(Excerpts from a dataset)
· · · ·

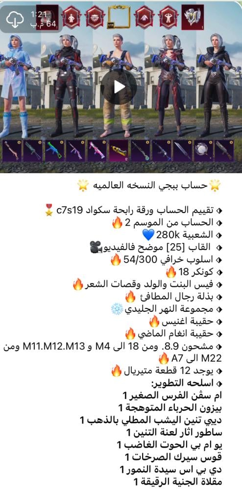 ❤️ اضغط هنا وانضم لقناتنا على تطبيق التلجرام ❤️ لمشاهدة الحسابات بالفيديو وكل ماهو جديد
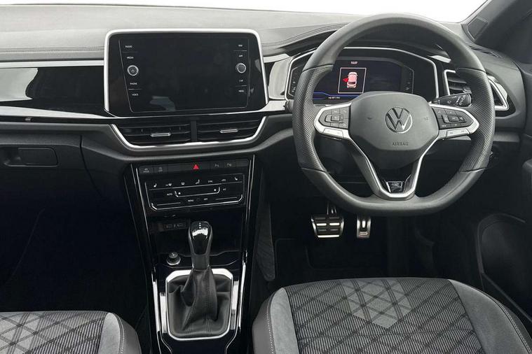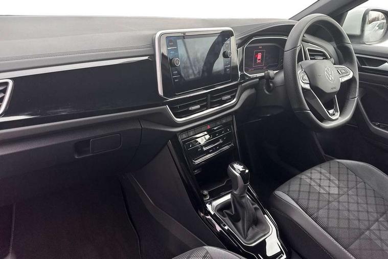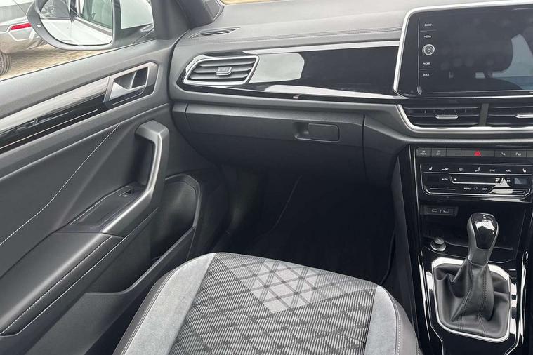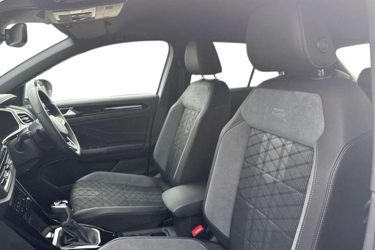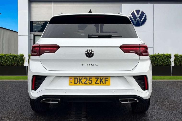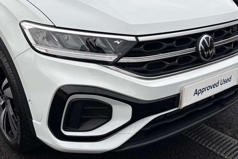 10.25" Digital cockpit pro, Advanced driver attention and drowsiness monitor, Dynamic road sign display, Emergency call service, Lane keeping system Lane Assist, Mobile phone interface, Modified key software - reduce switch off time for key status change to Long no motion, Online services, Park assist including front and rear parking sensors, Service interval indicator, Tailgate/trunk lid release from outside, Think blue trainer driver tips and journey analysis, Warning sound and light for front seatbelts unfastened, Wireless app connect, Battery regeneration during braking, Start/stop function with battery regeneration, DAB Digital radio, Diversity antenna for FM reception, Front and rear 6 speakers, Music playback - MP3, WMA and AAC files, Premium USB cable in choice of either Apple or Android smartphone compatibility, SD card slot, Simultaneous pairing of 2 compatible mobile devices, Title and cover art display, We Connect and We Connect Plus functionality, Auto dimming interior rear view mirror, Automatic hazard lights activation under emergency braking, Automatic headlight control with LED separate daytime running lights with coming/leaving home function, Body coloured exterior mirror housings and door handles, Electrically adjustable and heated door mirrors, Extended roof spoiler, Exterior mirrors aspherical on driver side, convex on front passenger side, External USB type C socket and charging sockets, Front windscreen wiper with intermittent wipe and 4 position delay, Heated rear window, LED 3rd brake light, LED rear combination lamps, LED rear number plate lights, Power windows with comfort operation and circuit breaker, Privacy glass for rear side windows and rear window, R-Line design body coloured bumpers, Rain sensor, Rear exhaust tailpipe, Rear fog light on one side and reversing lights on both sides, Rear side wing doors, Rear wash/wipe with intermittent wipe setting, Remote electrically foldable door mirrors, puddle lights and reverse activated passenger's door mirror, 12V power socket in centre console, 3 rear head restraints, 3 seat bench in 2nd row, 4 load lashing points in luggage compartment, Air care climatronic air conditoning system with active combination filter and 2-zone temperature control, Black roof lining, Chrome plated decorative trims, Chrome plated radiator grille inserts, air vent surrounds and light switch surrounds, Door and side trim panel with leatherette insert, Front + rear carpet mats, Front centre armrest, Front cupholders x 2, Front footwell illumination, Front reading light, Front scuff plates with R Line logo, Front seat back storage pockets, Glove compartment door with light, Instrument lighting, white adjustable panel illumination, Interior ambient lighting and surround lighting, Interior light delay, Isofix child seat preparation, Leather gearshift handle, Load-through provision with cup holder when folded down ('Unsplit rear seat bench, split folding backrest, with centre armrest), Luggage compartment lighting, Single front passenger seat, Stainless steel pedals, Storage compartment in left and right luggage area, Storage compartment in rear doors, Storage compartments in driver and front passenger doors, Sunvisors with illuminated vanity mirrors, Variable boot floor, height adjustable and removable, Driver assistance pack without proactive passenger protection - T-Roc, 3 point height adj front seatbelts + pretensioners, 3 point seatbelts in outer rear with ECE label, ABS, Child locks on rear doors, City emergency braking and pedestrian monitoring, Driver and front passenger airbag with front passenger airbag deactivation, Driver and front passenger safety-optimised head restraints, Drivers seatbelt reminder, Electronic parking brake, Electronic Stability Control (ESC) inc EDL (Electronic Differential Lock) and ASR (Traction Control), Front and rear passengers curtain airbag system including front side airbags, Hill start assist, Predictive pedestrian protection, Rear disc brakes, Two tone horn, Tyre pressure loss indicator, Volkswagen roadside assistance, Piano black decorative inserts in dashboard and front door trim panels, Trims for alloy wheels,
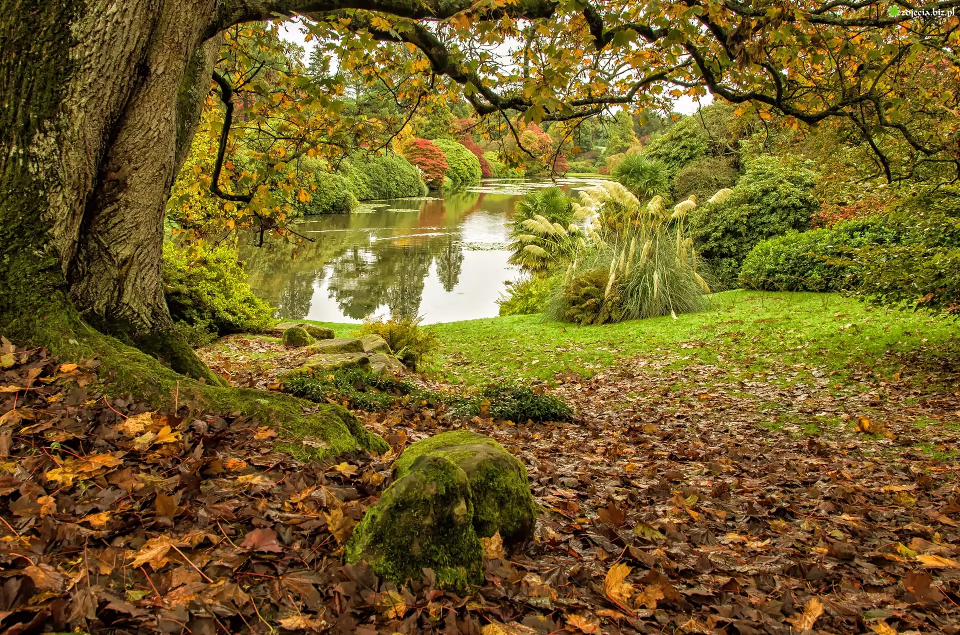 Zdjęcie, Jesień, Drzewa, Krzewy, Liście, Staw
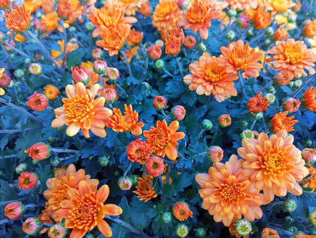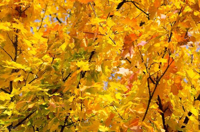 9、一树金花灿灿黄,东篱遍地满庭芳。秋分玉桂新妆换,锦翠丹霞映海棠。
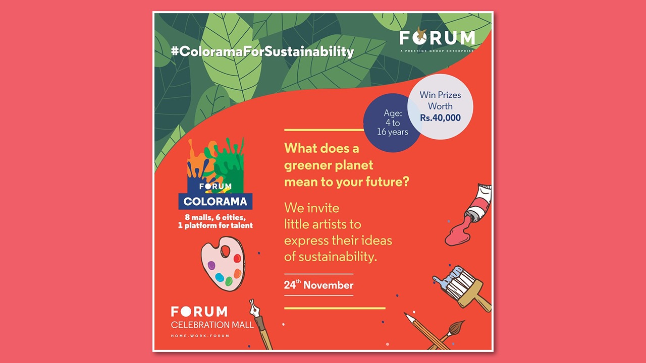 So, Forum Colorama 2019 invites all the kids between 4 to 16 years to express their ideas on sustainability and what does greener planet mean to the future. The event will be held on 24th November 2019 at Forum Celebration Mall, Udaipur. The best ideas will win prizes worth Rs. 40,000.

· · · ·

> **What the task asks**: Return every entry word for word, but drop any pictures.

> **Exercise response**:
 ❤️ اضغط هنا وانضم لقناتنا على تطبيق التلجرام ❤️ لمشاهدة الحسابات بالفيديو وكل ماهو جديد
 10.25" Digital cockpit pro, Advanced driver attention and drowsiness monitor, Dynamic road sign display, Emergency call service, Lane keeping system Lane Assist, Mobile phone interface, Modified key software - reduce switch off time for key status change to Long no motion, Online services, Park assist including front and rear parking sensors, Service interval indicator, Tailgate/trunk lid release from outside, Think blue trainer driver tips and journey analysis, Warning sound and light for front seatbelts unfastened, Wireless app connect, Battery regeneration during braking, Start/stop function with battery regeneration, DAB Digital radio, Diversity antenna for FM reception, Front and rear 6 speakers, Music playback - MP3, WMA and AAC files, Premium USB cable in choice of either Apple or Android smartphone compatibility, SD card slot, Simultaneous pairing of 2 compatible mobile devices, Title and cover art display, We Connect and We Connect Plus functionality, Auto dimming interior rear view mirror, Automatic hazard lights activation under emergency braking, Automatic headlight control with LED separate daytime running lights with coming/leaving home function, Body coloured exterior mirror housings and door handles, Electrically adjustable and heated door mirrors, Extended roof spoiler, Exterior mirrors aspherical on driver side, convex on front passenger side, External USB type C socket and charging sockets, Front windscreen wiper with intermittent wipe and 4 position delay, Heated rear window, LED 3rd brake light, LED rear combination lamps, LED rear number plate lights, Power windows with comfort operation and circuit breaker, Privacy glass for rear side windows and rear window, R-Line design body coloured bumpers, Rain sensor, Rear exhaust tailpipe, Rear fog light on one side and reversing lights on both sides, Rear side wing doors, Rear wash/wipe with intermittent wipe setting, Remote electrically foldable door mirrors, puddle lights and reverse activated passenger's door mirror, 12V power socket in centre console, 3 rear head restraints, 3 seat bench in 2nd row, 4 load lashing points in luggage compartment, Air care climatronic air conditoning system with active combination filter and 2-zone temperature control, Black roof lining, Chrome plated decorative trims, Chrome plated radiator grille inserts, air vent surrounds and light switch surrounds, Door and side trim panel with leatherette insert, Front + rear carpet mats, Front centre armrest, Front cupholders x 2, Front footwell illumination, Front reading light, Front scuff plates with R Line logo, Front seat back storage pockets, Glove compartment door with light, Instrument lighting, white adjustable panel illumination, Interior ambient lighting and surround lighting, Interior light delay, Isofix child seat preparation, Leather gearshift handle, Load-through provision with cup holder when folded down ('Unsplit rear seat bench, split folding backrest, with centre armrest), Luggage compartment lighting, Single front passenger seat, Stainless steel pedals, Storage compartment in left and right luggage area, Storage compartment in rear doors, Storage compartments in driver and front passenger doors, Sunvisors with illuminated vanity mirrors, Variable boot floor, height adjustable and removable, Driver assistance pack without proactive passenger protection - T-Roc, 3 point height adj front seatbelts + pretensioners, 3 point seatbelts in outer rear with ECE label, ABS, Child locks on rear doors, City emergency braking and pedestrian monitoring, Driver and front passenger airbag with front passenger airbag deactivation, Driver and front passenger safety-optimised head restraints, Drivers seatbelt reminder, Electronic parking brake, Electronic Stability Control (ESC) inc EDL (Electronic Differential Lock) and ASR (Traction Control), Front and rear passengers curtain airbag system including front side airbags, Hill start assist, Predictive pedestrian protection, Rear disc brakes, Two tone horn, Tyre pressure loss indicator, Volkswagen roadside assistance, Piano black decorative inserts in dashboard and front door trim panels, Trims for alloy wheels,
 Zdjęcie, Jesień, Drzewa, Krzewy, Liście, Staw
 9、一树金花灿灿黄,东篱遍地满庭芳。秋分玉桂新妆换,锦翠丹霞映海棠。
 So, Forum Colorama 2019 invites all the kids between 4 to 16 years to express their ideas on sustainability and what does greener planet mean to the future. The event will be held on 24th November 2019 at Forum Celebration Mall, Udaipur. The best ideas will win prizes worth Rs. 40,000.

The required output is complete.